The Open Data Sample project wants to provide various sample data in an organized way. The project includes several text/plain files with data in many languages. The project follows some specification standards to assure the overall quality.
- The file name must be lowercase;
- the file must be a plain text file with .txt extension;
- every row in the file must be separated by new line;
- the file cannot contain a blank line inside;
- the folder's name must respect the RFC 4647 and RFC 5646 specification with the following notation:
language-region
It's released under the Open Data Commons Open Database License v1.0
Contributions are very welcome but, there are some rules:
- Don't submit data which can be easily created by most of the programming languages (i.e. day of the week, numbers, dates, ...).
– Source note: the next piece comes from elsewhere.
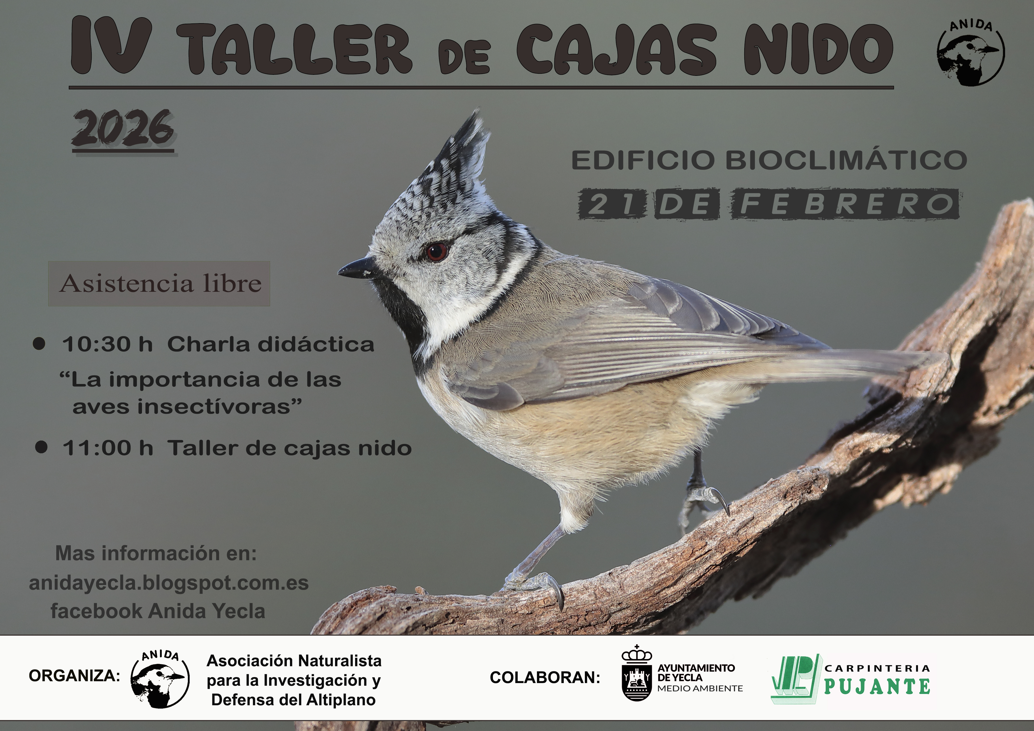 - 11:00 h: Taller de elaboración y montaje de cajas-nido para aves.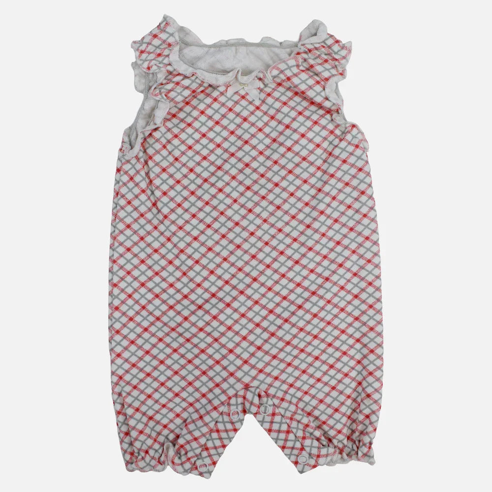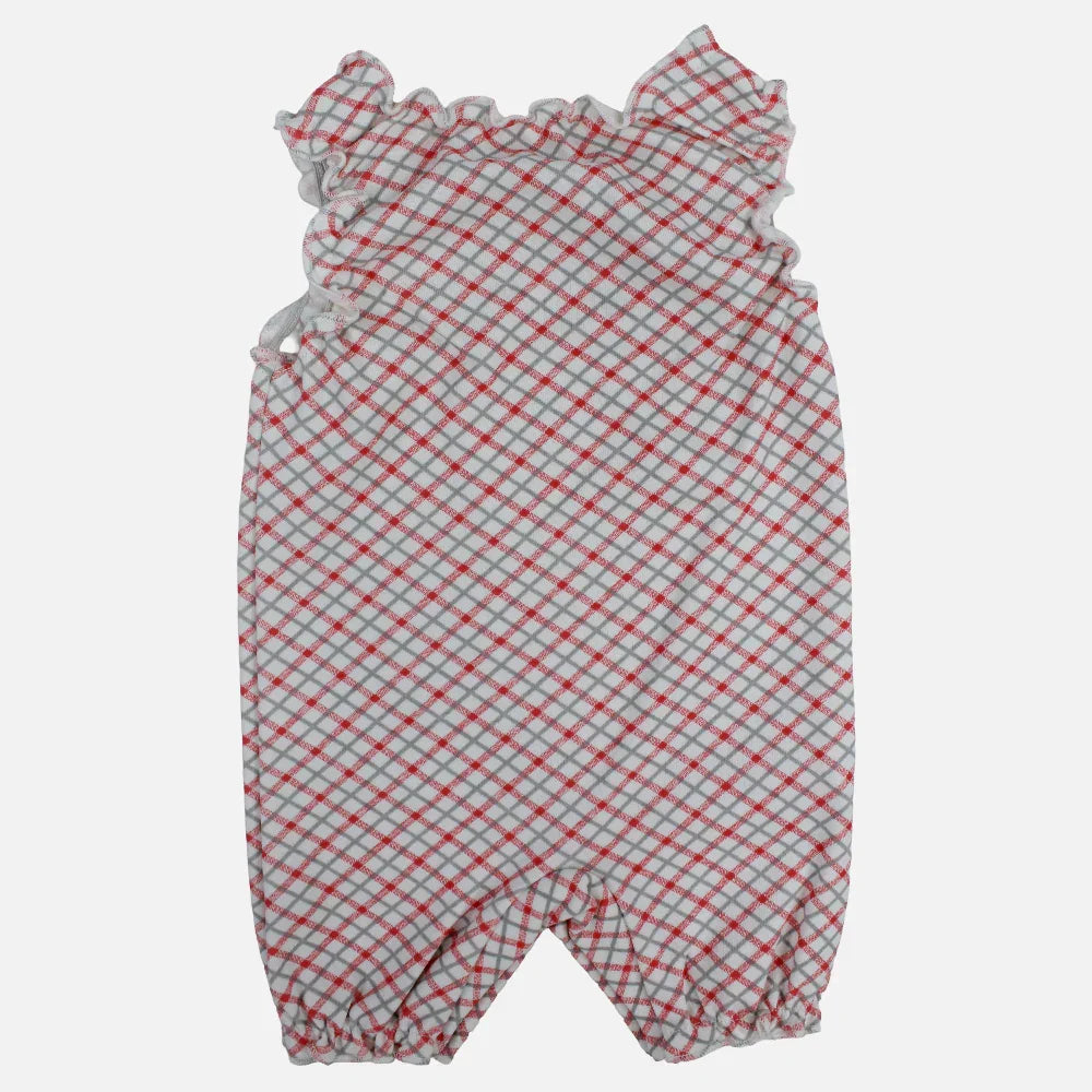Baby Girls Cotton Romper - Red Checkered

- Make one pull request for data type. For instance, if you want to add cities and animals please make 2 pull requests.
- Keep one word per row.
- Valid character are letters of the alphabet and new lines.
- Don't use synonyms or words which are almost equivalent (i.e. cat, kitten).
- Submit as much data as you can. A submissions with less than 20 rows could be declined.
- Avoid the use of headers in the files. For instance, the first row of a city file cannot be "cities".
The project has some tools to simplify the file creation:
- check (bin/check dataFolder) validates the standard rules.
- sort (bin/sort filename.txt) outputs an alphabetically sorted list without duplications.